:: Supplied data ::
= Beginning of Section =
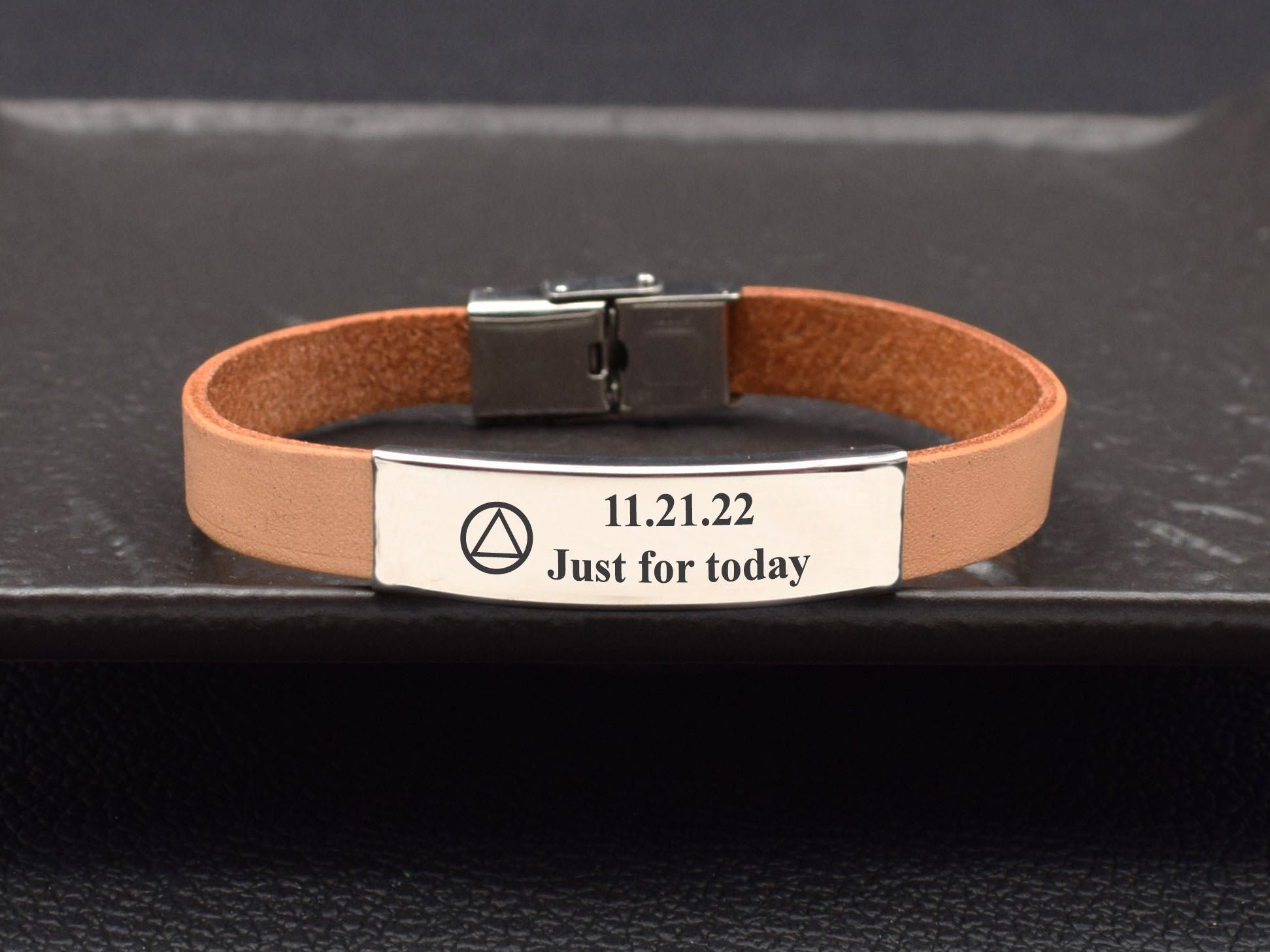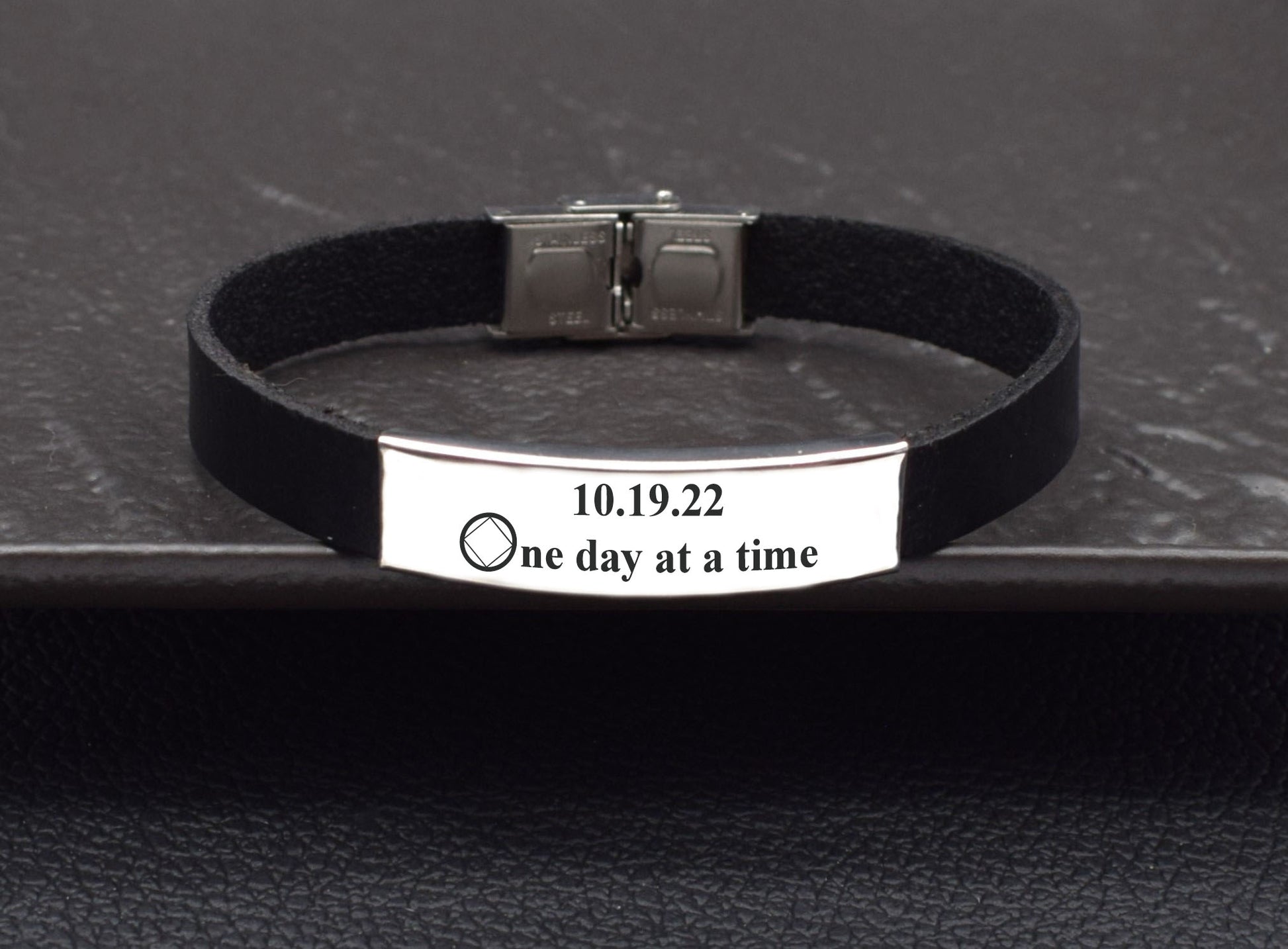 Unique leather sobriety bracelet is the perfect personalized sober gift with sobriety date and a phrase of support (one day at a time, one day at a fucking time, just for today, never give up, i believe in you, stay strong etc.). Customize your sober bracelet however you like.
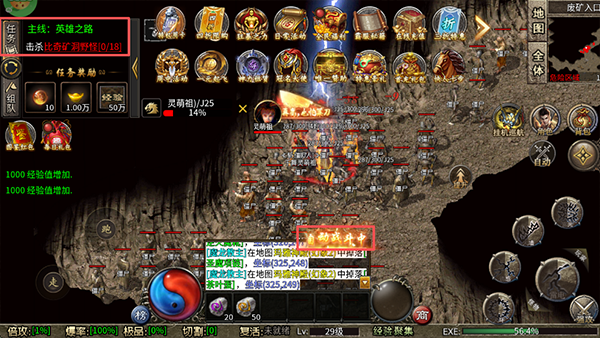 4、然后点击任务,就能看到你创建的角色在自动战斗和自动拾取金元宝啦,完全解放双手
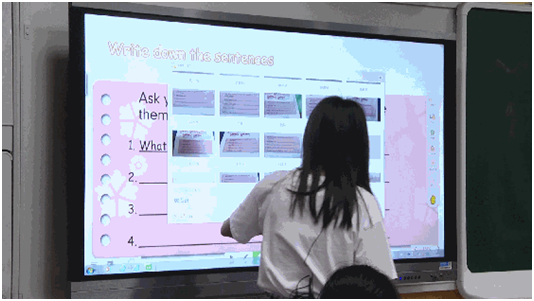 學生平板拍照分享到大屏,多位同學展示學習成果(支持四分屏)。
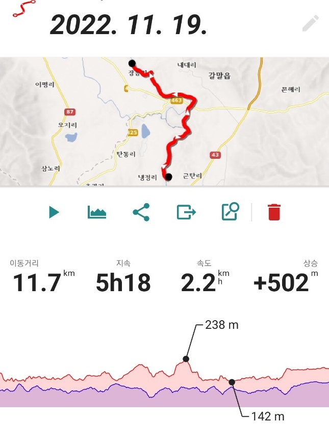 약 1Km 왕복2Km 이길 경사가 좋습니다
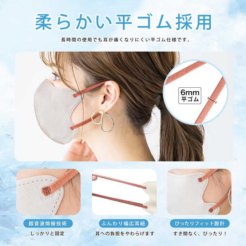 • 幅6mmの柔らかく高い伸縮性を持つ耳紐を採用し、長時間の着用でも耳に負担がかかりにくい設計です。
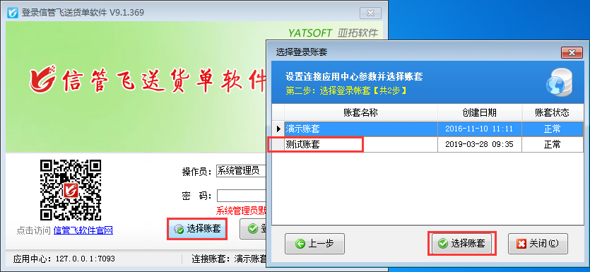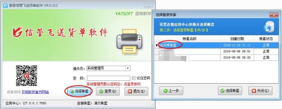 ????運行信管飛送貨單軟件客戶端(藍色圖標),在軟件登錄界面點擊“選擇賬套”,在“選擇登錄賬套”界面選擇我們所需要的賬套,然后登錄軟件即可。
= End of Section =
= Beginning of Section =
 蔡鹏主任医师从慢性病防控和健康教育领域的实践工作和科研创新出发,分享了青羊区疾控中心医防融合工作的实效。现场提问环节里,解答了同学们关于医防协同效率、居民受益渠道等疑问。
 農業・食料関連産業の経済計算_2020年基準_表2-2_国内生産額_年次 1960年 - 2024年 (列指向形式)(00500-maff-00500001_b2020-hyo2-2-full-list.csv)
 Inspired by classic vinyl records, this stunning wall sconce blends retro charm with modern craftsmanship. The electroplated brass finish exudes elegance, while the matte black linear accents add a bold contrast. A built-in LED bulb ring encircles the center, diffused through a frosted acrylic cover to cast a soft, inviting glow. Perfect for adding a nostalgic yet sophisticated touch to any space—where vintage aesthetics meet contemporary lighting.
= End of Section =
:: What is being asked ::
From the data above, return every line from the line that has "蔡鹏主任医师从慢性病防控和健" up to and including the line that has "農業・食料関連産業の経済計算_2020年基準_表2-2_国内生産額_年次 1960年 - 2024年", exactly.

:: Solution for this problem ::
 蔡鹏主任医师从慢性病防控和健康教育领域的实践工作和科研创新出发,分享了青羊区疾控中心医防融合工作的实效。现场提问环节里,解答了同学们关于医防协同效率、居民受益渠道等疑问。
 農業・食料関連産業の経済計算_2020年基準_表2-2_国内生産額_年次 1960年 - 2024年 (列指向形式)(00500-maff-00500001_b2020-hyo2-2-full-list.csv)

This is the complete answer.